Given data
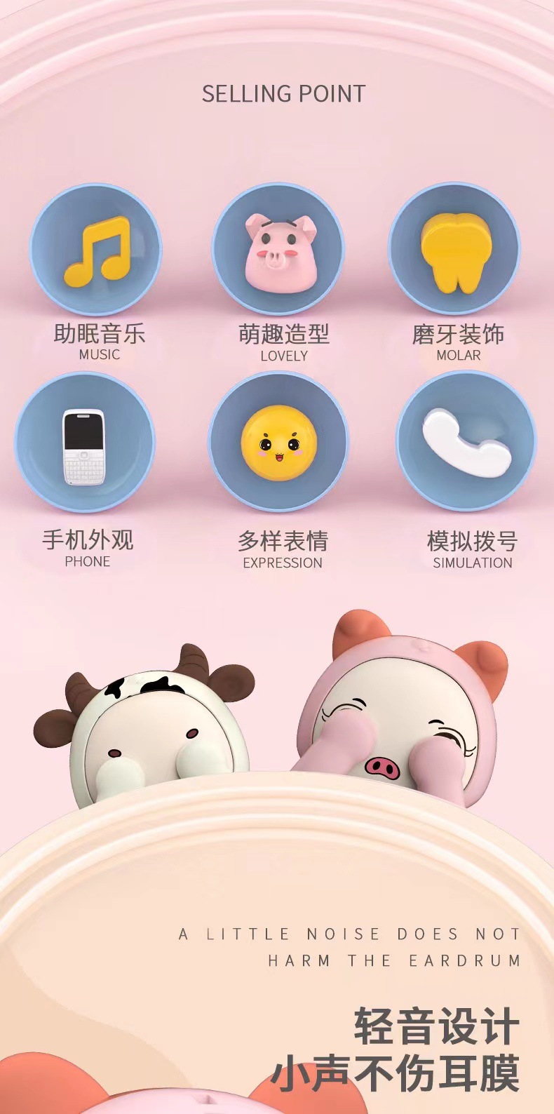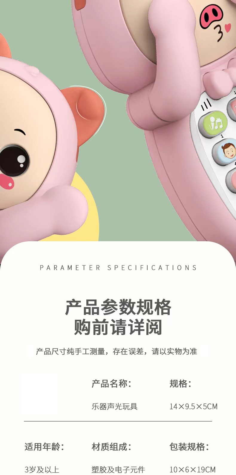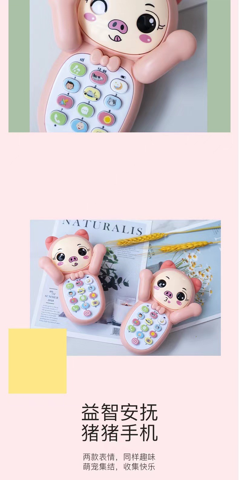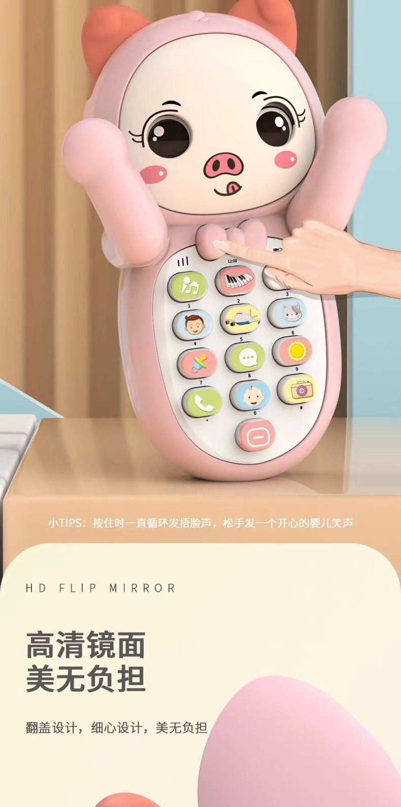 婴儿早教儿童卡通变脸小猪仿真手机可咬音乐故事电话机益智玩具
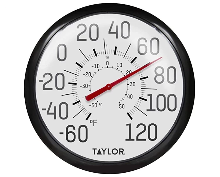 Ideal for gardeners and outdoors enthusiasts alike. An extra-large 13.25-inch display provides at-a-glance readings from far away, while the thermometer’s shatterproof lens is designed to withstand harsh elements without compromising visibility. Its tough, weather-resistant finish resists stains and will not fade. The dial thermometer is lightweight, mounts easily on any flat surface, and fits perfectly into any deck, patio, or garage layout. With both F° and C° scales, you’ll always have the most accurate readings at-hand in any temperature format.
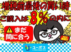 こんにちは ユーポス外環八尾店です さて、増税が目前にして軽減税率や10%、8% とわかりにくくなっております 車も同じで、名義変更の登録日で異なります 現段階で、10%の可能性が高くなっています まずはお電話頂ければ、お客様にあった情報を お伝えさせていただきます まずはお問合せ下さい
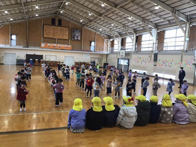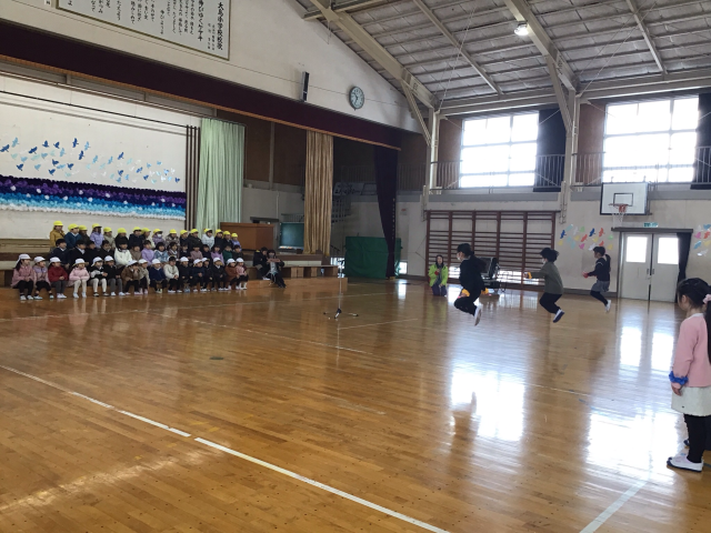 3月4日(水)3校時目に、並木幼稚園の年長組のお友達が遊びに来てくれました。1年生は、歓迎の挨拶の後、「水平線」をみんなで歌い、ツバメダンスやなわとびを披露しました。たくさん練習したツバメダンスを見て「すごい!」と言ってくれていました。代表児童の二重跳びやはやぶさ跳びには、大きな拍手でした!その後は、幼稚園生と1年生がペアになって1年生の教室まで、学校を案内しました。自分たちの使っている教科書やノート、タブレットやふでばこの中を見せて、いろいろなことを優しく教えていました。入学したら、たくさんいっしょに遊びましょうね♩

...

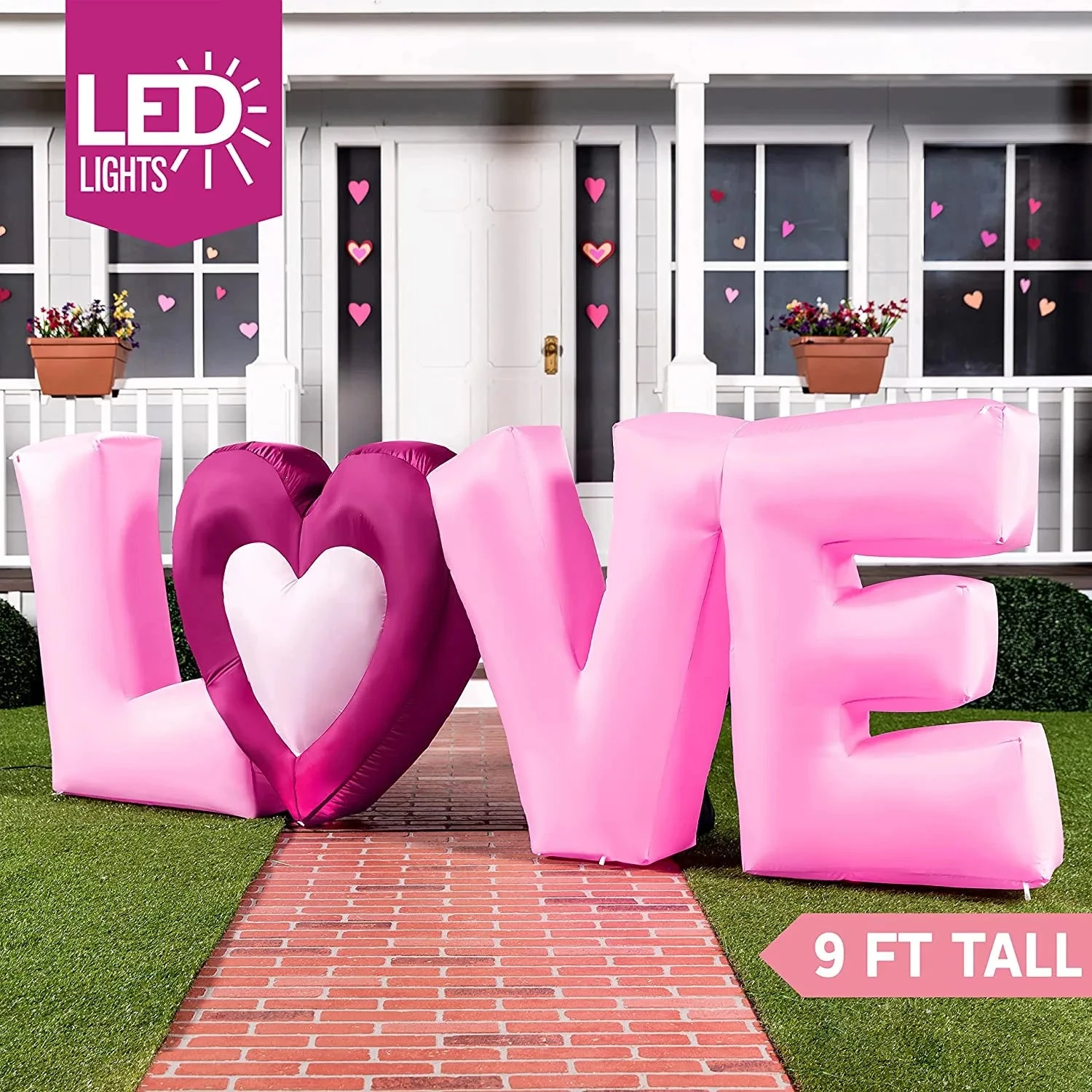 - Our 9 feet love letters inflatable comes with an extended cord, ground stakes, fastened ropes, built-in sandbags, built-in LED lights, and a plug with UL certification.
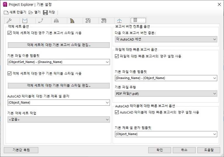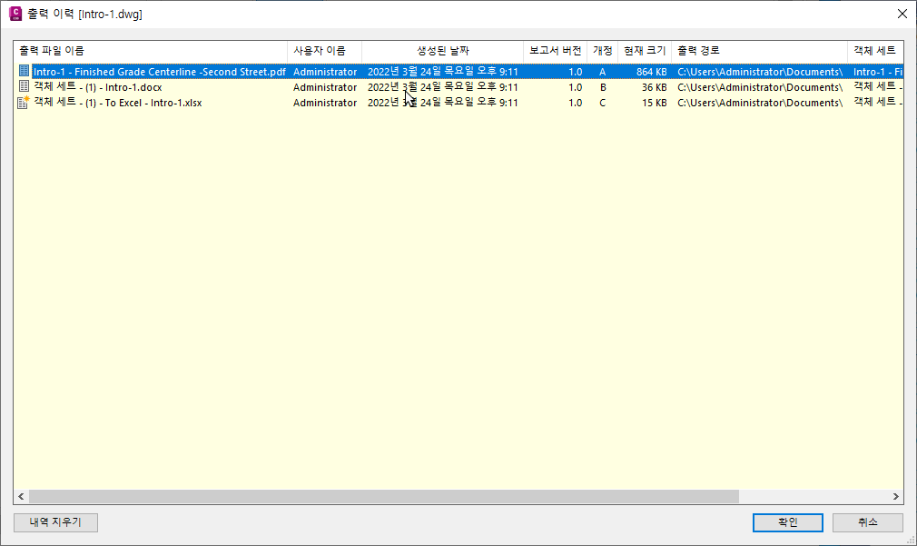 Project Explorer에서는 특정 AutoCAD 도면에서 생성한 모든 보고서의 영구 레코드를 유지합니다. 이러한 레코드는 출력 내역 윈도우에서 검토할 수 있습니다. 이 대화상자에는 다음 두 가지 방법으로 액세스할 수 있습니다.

--

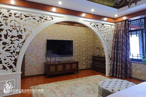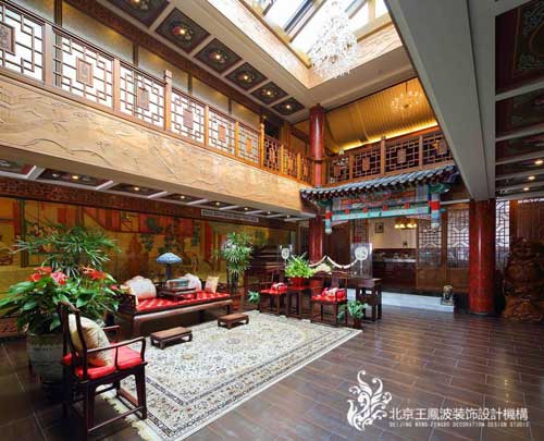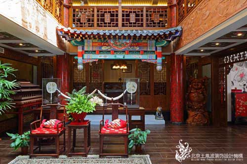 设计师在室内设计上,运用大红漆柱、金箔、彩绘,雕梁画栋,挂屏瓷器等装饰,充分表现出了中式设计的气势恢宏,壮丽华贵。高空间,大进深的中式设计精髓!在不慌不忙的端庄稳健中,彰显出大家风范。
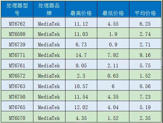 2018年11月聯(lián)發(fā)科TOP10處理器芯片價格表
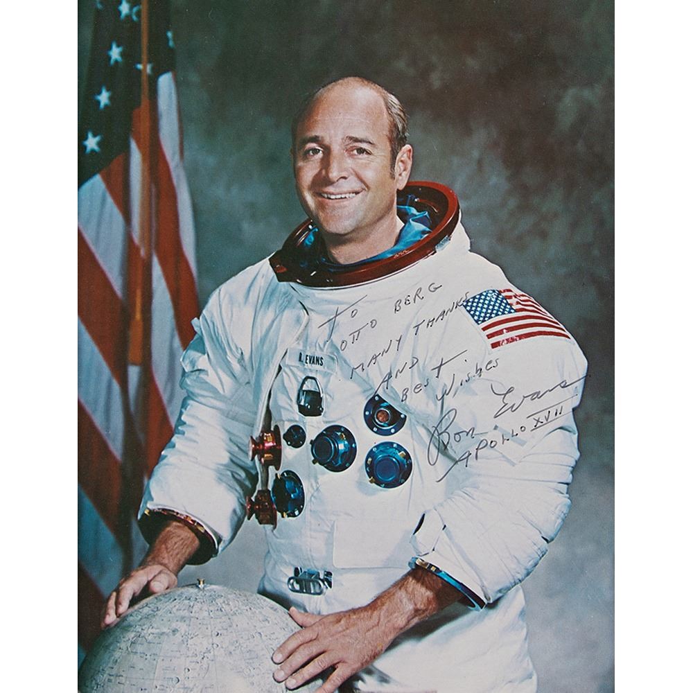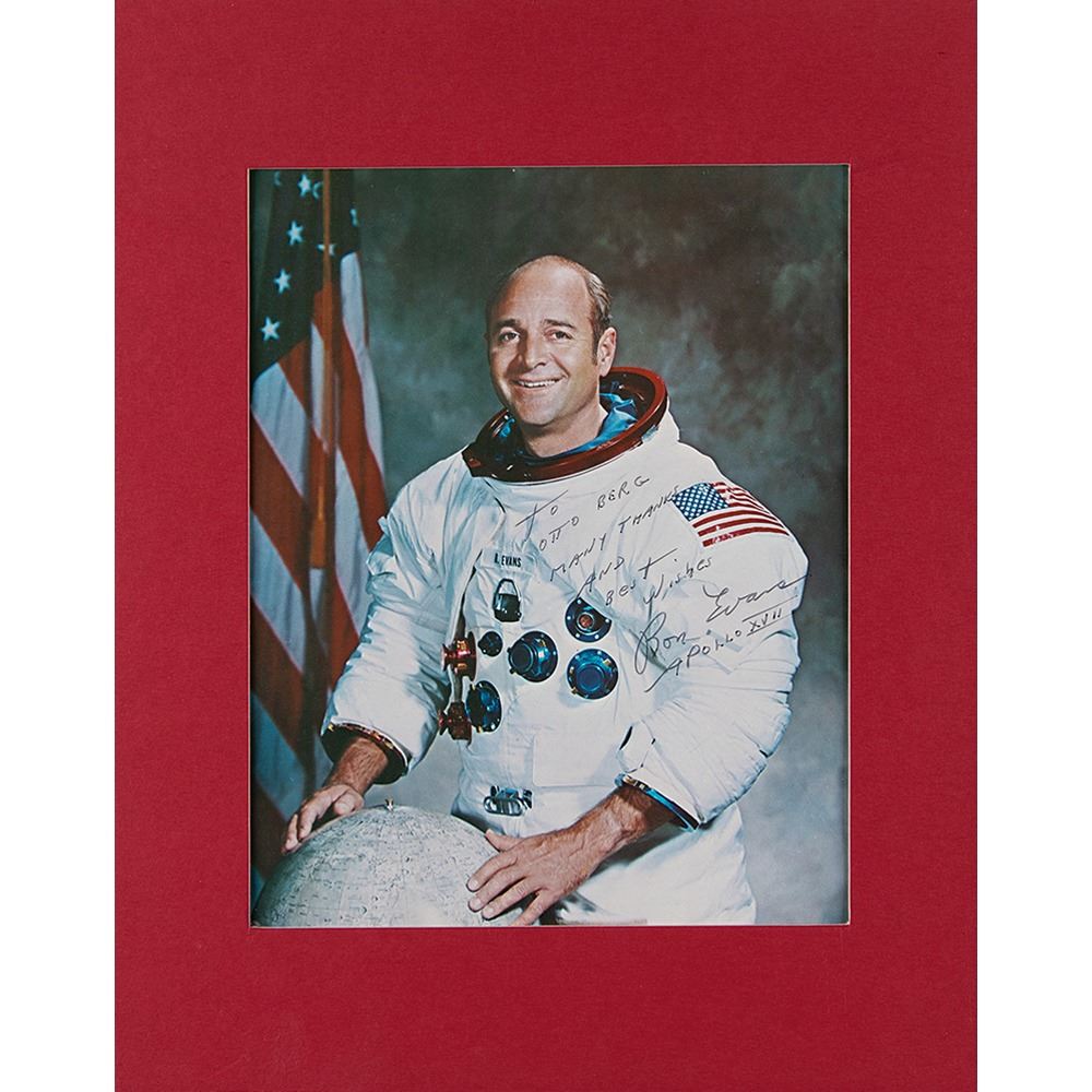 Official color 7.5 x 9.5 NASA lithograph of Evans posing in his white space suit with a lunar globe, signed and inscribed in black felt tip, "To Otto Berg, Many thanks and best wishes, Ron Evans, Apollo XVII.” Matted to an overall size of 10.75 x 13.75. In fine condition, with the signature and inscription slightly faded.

Your goal
Using the entries above, repeat exactly the lines from the one with "- Our 9 feet" to the one with "Project Explorer에서는 특정", both included, and leave the pictures behind.

Response to this task
 - Our 9 feet love letters inflatable comes with an extended cord, ground stakes, fastened ropes, built-in sandbags, built-in LED lights, and a plug with UL certification.
 Project Explorer에서는 특정 AutoCAD 도면에서 생성한 모든 보고서의 영구 레코드를 유지합니다. 이러한 레코드는 출력 내역 윈도우에서 검토할 수 있습니다. 이 대화상자에는 다음 두 가지 방법으로 액세스할 수 있습니다.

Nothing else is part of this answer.